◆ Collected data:

________

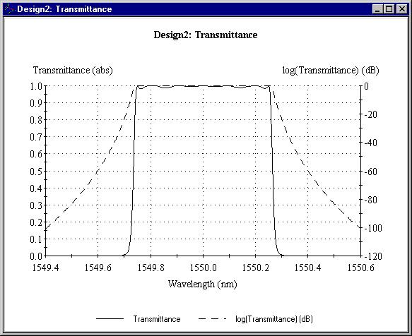顯示候選設(shè)計(jì)結(jié)果的特性,并按用戶指定的方式進(jìn)行排列,如總的膜層厚度, 沉積時(shí)間和脈動(dòng)性能。通過脈動(dòng)優(yōu)化算法,增加只是由1/4波長厚度的膜層組成的結(jié)構(gòu),減少通帶中的脈動(dòng),使DWDM助手中使用的對(duì)稱周期技術(shù)功能增強(qiáng)。一般來說,對(duì)給定要求的濾波器,有許多的設(shè)計(jì)都滿足要求,但DWDM 助手可以按評(píng)價(jià)標(biāo)準(zhǔn)對(duì)設(shè)計(jì)結(jié)果進(jìn)行排列。
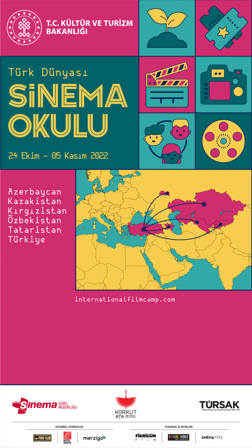 T.C. Kültür ve Turizm Bakanı Mehmet Nuri Ersoy’un katkılarıyla 1-5 Kasım tarihleri arasında “2022 Türk Dünyası Kültür Başkenti Bursa”da düzenlenecek Korkut Ata Türk Dünyası Film Festivali’nde “Türk Dünyası Sinema Okulu” etkinliği sinemaseverlerle bir araya geliyor. TÜRSAK Vakfı’nın gerçekleştirdiği “Türk Dünyası Sinema Okulu”, 24 Ekim-6 Kasım tarihleri arasında Türk dünyası ülkelerinden 10 genç sinemacıyı, çekecekleri belgesel film için Türkiye’de buluşturuyor.
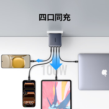 绿联氮化镓充电器套装100W适用苹果17三星小米手机pd65W笔记本电脑充电头MacbookPro多口Type-C快充头
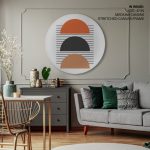 Wall Art | Modern mid century bohemian #372 - Circular Wooden Frame | Small to XXXL Sizes • 50+ Framing Styles • Non Toxic
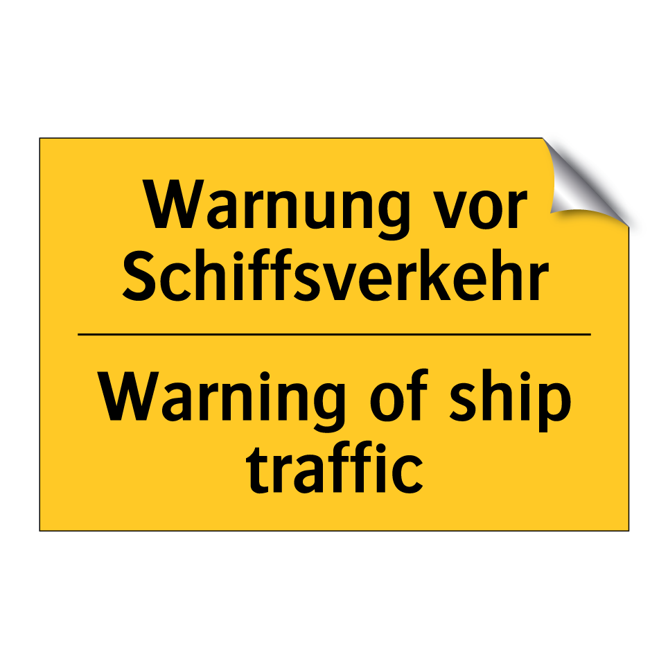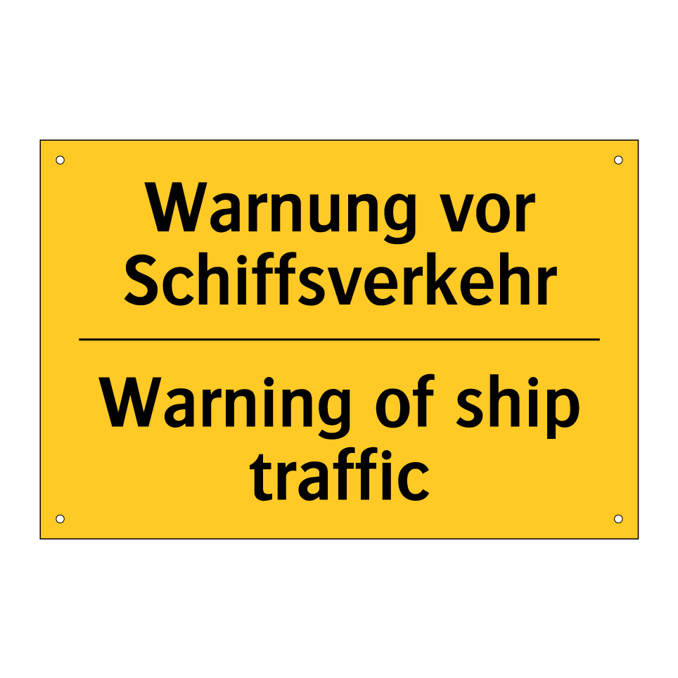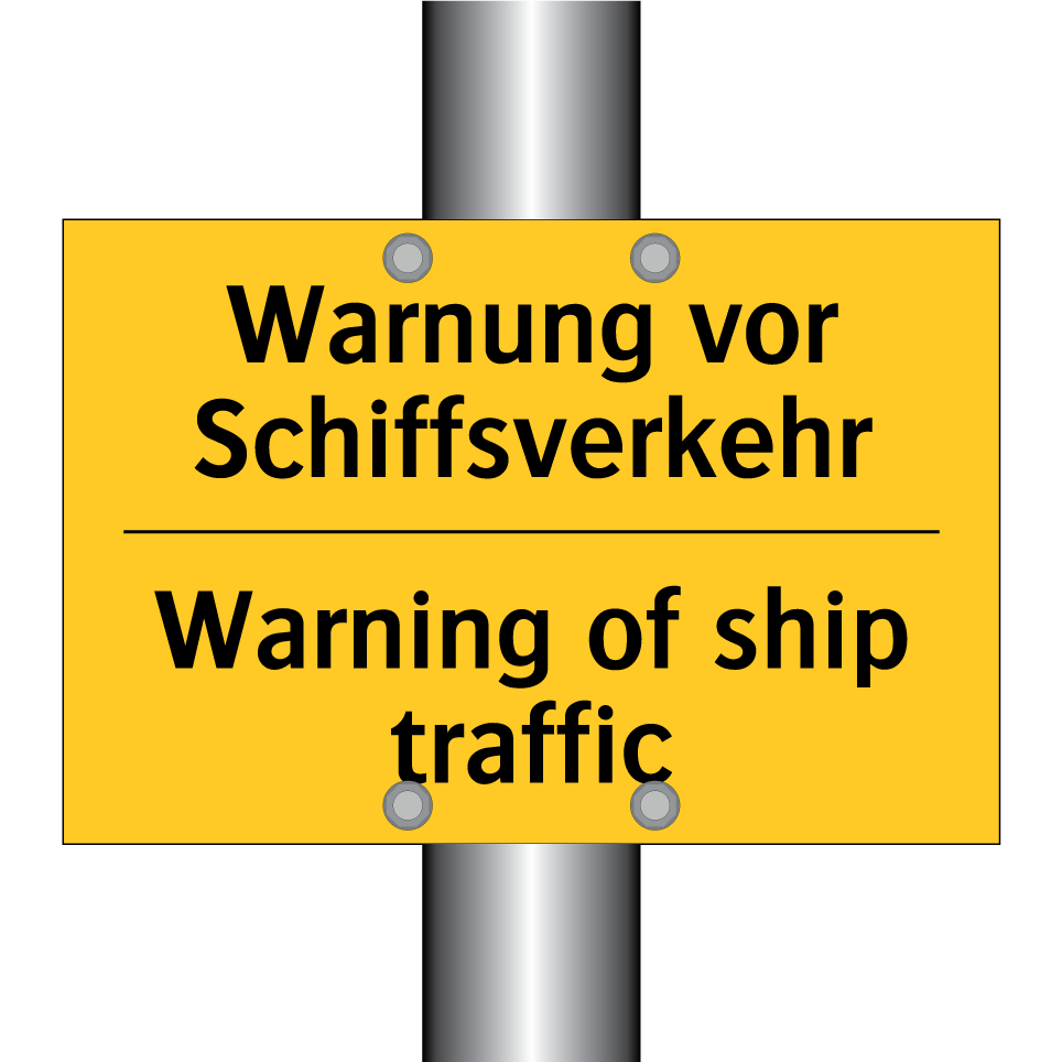 Zweisprachiges Warnschild mit deutschem Text Warnung vor Schiffsverkehr und englischem Text Warning of ship traffic
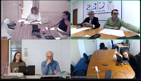 Os representantes do CESER BRETAGNE, CESER NOVA AQUITANIA, CES CANARIAS e CES GALICIA, baixo a presidencia do presidente do CES Galicia, Manuel Pérez, celebraron unha nova reunión de traballo para a elaboración do informe sobre emigración da Rede Transnacional Atlántica que ten que estar rematado antes de outubro do 2026.
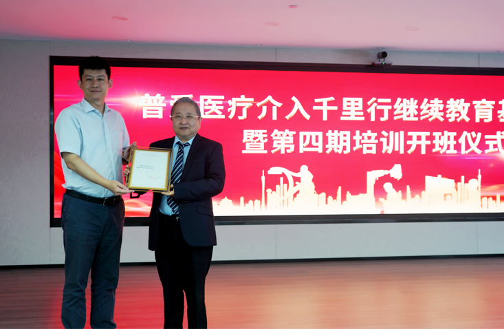 第四期介入培訓(xùn)班,新加入了中國藥科大學(xué),現(xiàn)由我司與中國藥科大學(xué)和南京市第一醫(yī)院三方聯(lián)合辦學(xué),本期介入培訓(xùn)班邀請到了南京市第一醫(yī)院顧建平教授、中國藥科大學(xué)繼續(xù)教育學(xué)院張永澤院長等領(lǐng)導(dǎo)出席本次開班儀式。中國藥科大學(xué)院方領(lǐng)導(dǎo)為我司董事長劉金虎先生頒發(fā)了“中國藥科大學(xué)繼續(xù)教育學(xué)院戰(zhàn)略發(fā)展專家”聘書,并為我司舉行了“中國藥科大學(xué)繼續(xù)教育現(xiàn)場教學(xué)基地”揭牌儀式。

________

◆ EXERCISE PROMPT:
The required output is the line containing "Zweisprachiges Warnschild mit" plus every line after it to the end of the data, copied exactly and with no pictures.

◆ FINAL ANSWER:
 Zweisprachiges Warnschild mit deutschem Text Warnung vor Schiffsverkehr und englischem Text Warning of ship traffic
 Os representantes do CESER BRETAGNE, CESER NOVA AQUITANIA, CES CANARIAS e CES GALICIA, baixo a presidencia do presidente do CES Galicia, Manuel Pérez, celebraron unha nova reunión de traballo para a elaboración do informe sobre emigración da Rede Transnacional Atlántica que ten que estar rematado antes de outubro do 2026.
 第四期介入培訓(xùn)班,新加入了中國藥科大學(xué),現(xiàn)由我司與中國藥科大學(xué)和南京市第一醫(yī)院三方聯(lián)合辦學(xué),本期介入培訓(xùn)班邀請到了南京市第一醫(yī)院顧建平教授、中國藥科大學(xué)繼續(xù)教育學(xué)院張永澤院長等領(lǐng)導(dǎo)出席本次開班儀式。中國藥科大學(xué)院方領(lǐng)導(dǎo)為我司董事長劉金虎先生頒發(fā)了“中國藥科大學(xué)繼續(xù)教育學(xué)院戰(zhàn)略發(fā)展專家”聘書,并為我司舉行了“中國藥科大學(xué)繼續(xù)教育現(xiàn)場教學(xué)基地”揭牌儀式。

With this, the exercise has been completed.